- _To do_: With every picture left out, give the data below back exactly.
═══ Dataset content
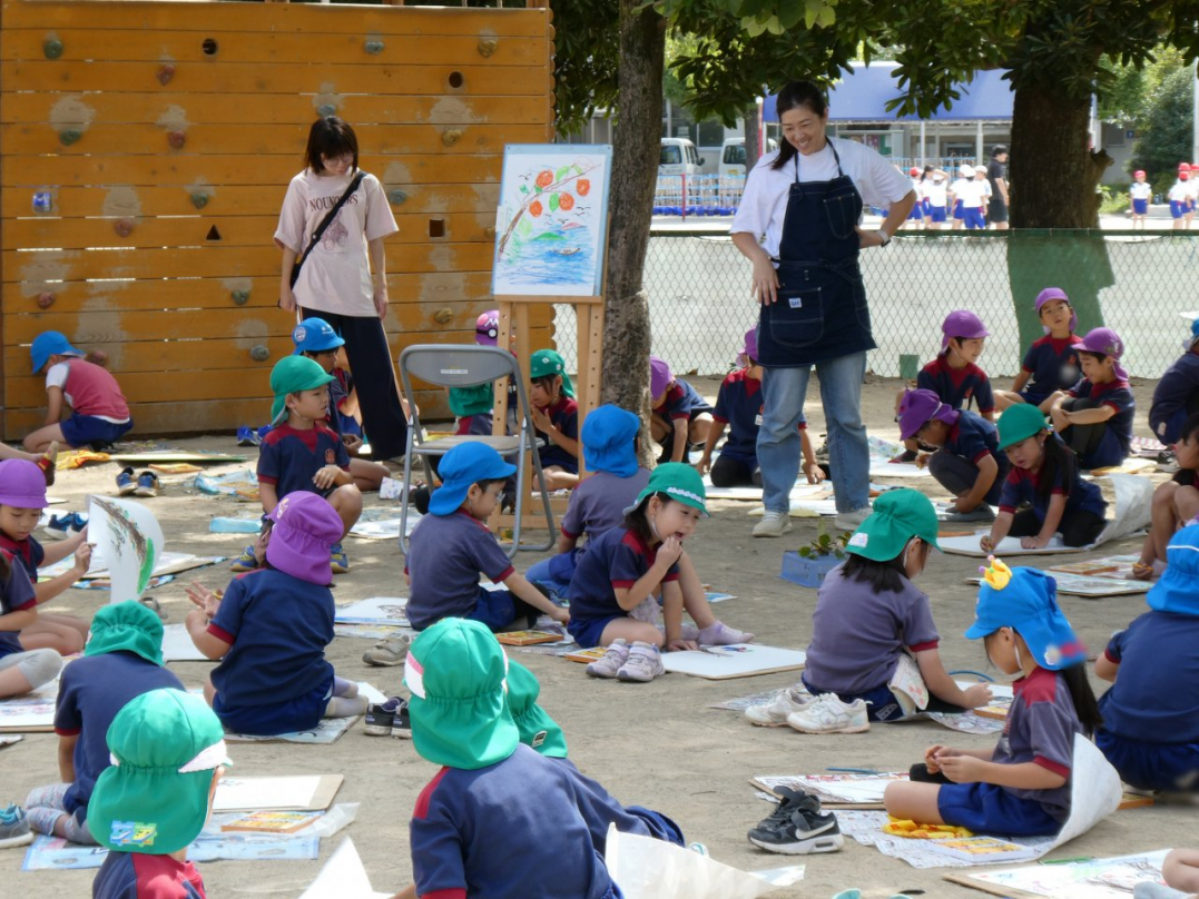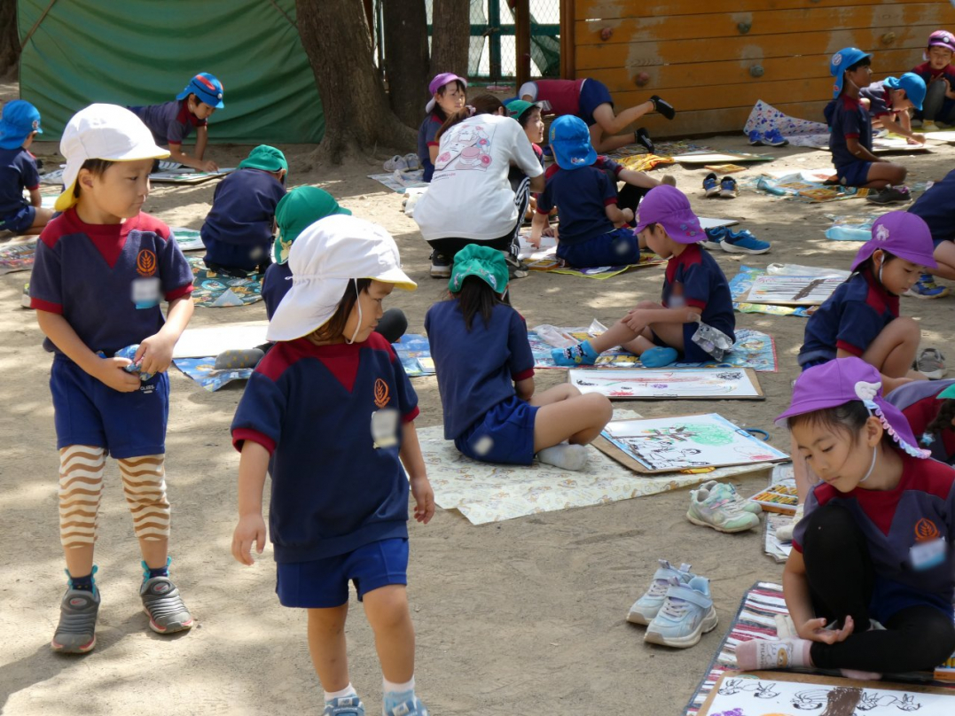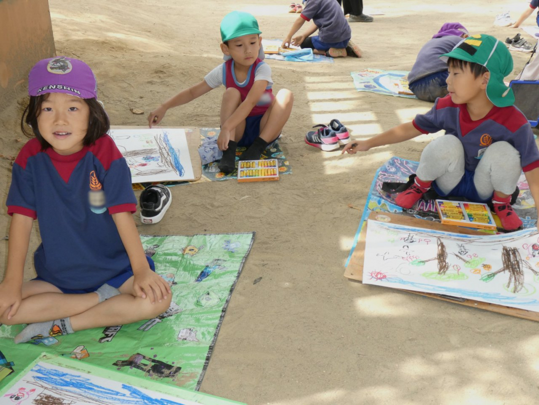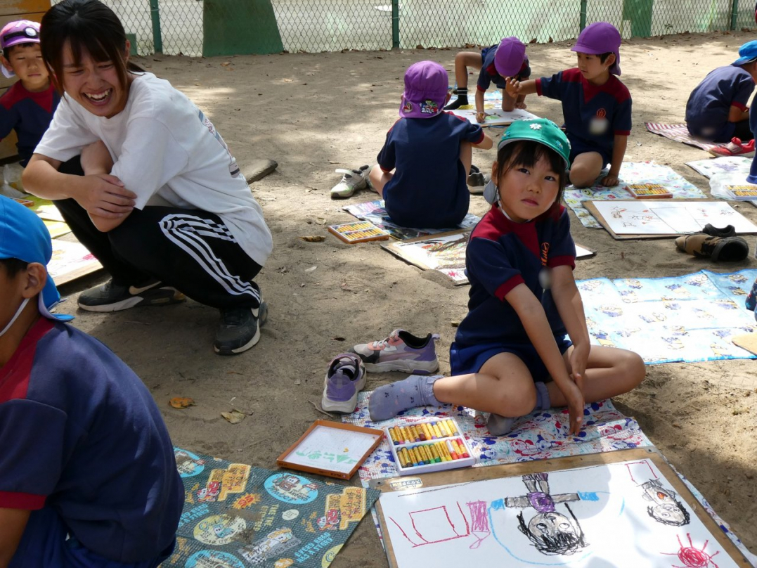 「秋の自然を感じて絵を描こう」と、みんなで園庭に広がって絵を描きました。美味しそうな果物の木、元気いっぱいの虫、ニコニコ笑顔で遊んでいる自分と友達…楽しい絵がいっぱい描けましたね♪
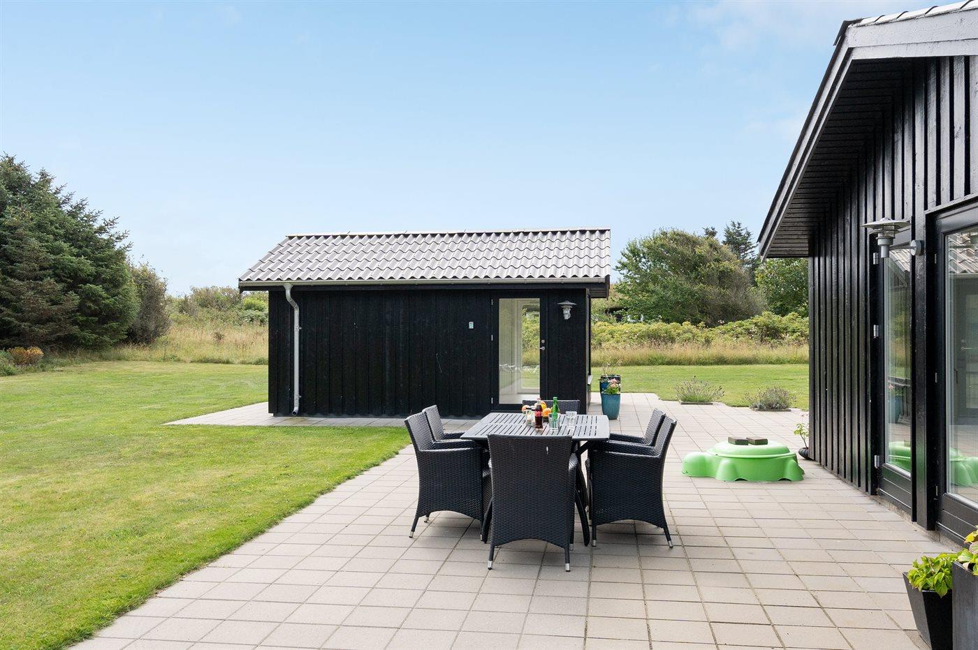 De vakantiewoning is gelegen op een 2250 m² groot natuural grond. Afstand tot de zee 800 m. Dichtstbijzijnde winkel 500 m. Bij de vakantiewoning hoort 75 m² terras. Gereedschapsruimte. Zandbak. Barbecue. Parkeerplaats bij het huis.
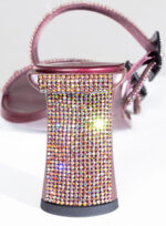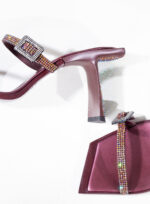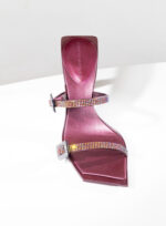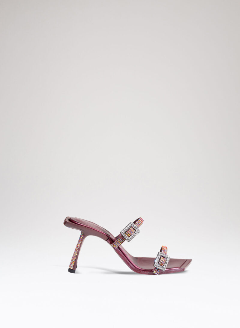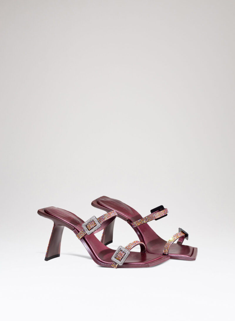 Due fasce di raso ricoperte di crystal mesh abbracciano elegantemente il piede, mentre il tacco inclinato diventa un palcoscenico inesplorato per la sperimentazione della luce.
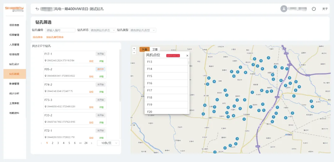 项目简介:系统是电力工程前期地质勘察全流程的智能化解决方案,集成地质调查、北斗探针测量、全类型勘探(含钻探、静探、原位测试、土工试验等)、数据管理等功能,可全面查明电力杆塔线路与变电站、升压站场地的地形地貌、水文气象、灾害风险、不良地质等环境条件,精准获取地层分层、物理力学性质及钢筋混凝土腐蚀性等数据,最终通过智能化处理生成符合规范的勘察报告与成果文件,为岩土设计人员开展设施基础设计提供完整数据支撑。
══════
- _Output for this task_:
 「秋の自然を感じて絵を描こう」と、みんなで園庭に広がって絵を描きました。美味しそうな果物の木、元気いっぱいの虫、ニコニコ笑顔で遊んでいる自分と友達…楽しい絵がいっぱい描けましたね♪
 De vakantiewoning is gelegen op een 2250 m² groot natuural grond. Afstand tot de zee 800 m. Dichtstbijzijnde winkel 500 m. Bij de vakantiewoning hoort 75 m² terras. Gereedschapsruimte. Zandbak. Barbecue. Parkeerplaats bij het huis.
 Due fasce di raso ricoperte di crystal mesh abbracciano elegantemente il piede, mentre il tacco inclinato diventa un palcoscenico inesplorato per la sperimentazione della luce.
 项目简介:系统是电力工程前期地质勘察全流程的智能化解决方案,集成地质调查、北斗探针测量、全类型勘探(含钻探、静探、原位测试、土工试验等)、数据管理等功能,可全面查明电力杆塔线路与变电站、升压站场地的地形地貌、水文气象、灾害风险、不良地质等环境条件,精准获取地层分层、物理力学性质及钢筋混凝土腐蚀性等数据,最终通过智能化处理生成符合规范的勘察报告与成果文件,为岩土设计人员开展设施基础设计提供完整数据支撑。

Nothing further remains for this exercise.